- **Exercise aim**:
Please output the section of the listing below that opens with the line containing "This bedroom set" and closes with the line containing "Mules de mezclilla", exactly and with nothing else.
BEGIN Entries supplied
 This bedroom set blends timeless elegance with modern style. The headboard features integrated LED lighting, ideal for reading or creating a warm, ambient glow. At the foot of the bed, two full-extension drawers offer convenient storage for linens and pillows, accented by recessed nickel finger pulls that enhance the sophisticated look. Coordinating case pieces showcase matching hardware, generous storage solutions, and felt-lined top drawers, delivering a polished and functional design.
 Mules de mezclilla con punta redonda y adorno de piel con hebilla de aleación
END Entries supplied
BEGIN Entries supplied
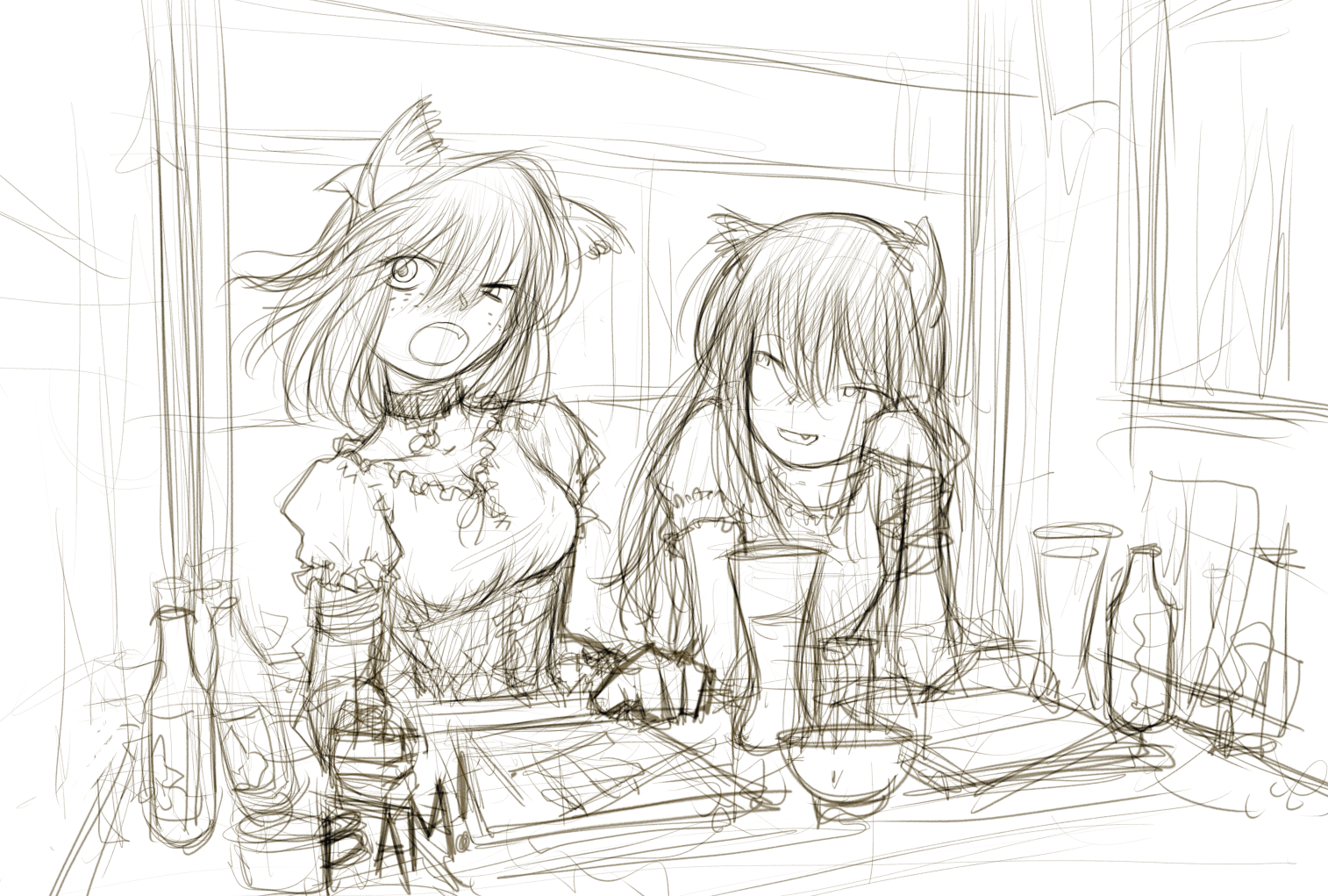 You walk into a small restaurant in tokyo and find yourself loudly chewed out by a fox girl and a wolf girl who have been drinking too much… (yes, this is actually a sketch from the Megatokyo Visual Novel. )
END Entries supplied
- **Answer for the task**:
 This bedroom set blends timeless elegance with modern style. The headboard features integrated LED lighting, ideal for reading or creating a warm, ambient glow. At the foot of the bed, two full-extension drawers offer convenient storage for linens and pillows, accented by recessed nickel finger pulls that enhance the sophisticated look. Coordinating case pieces showcase matching hardware, generous storage solutions, and felt-lined top drawers, delivering a polished and functional design.
 Mules de mezclilla con punta redonda y adorno de piel con hebilla de aleación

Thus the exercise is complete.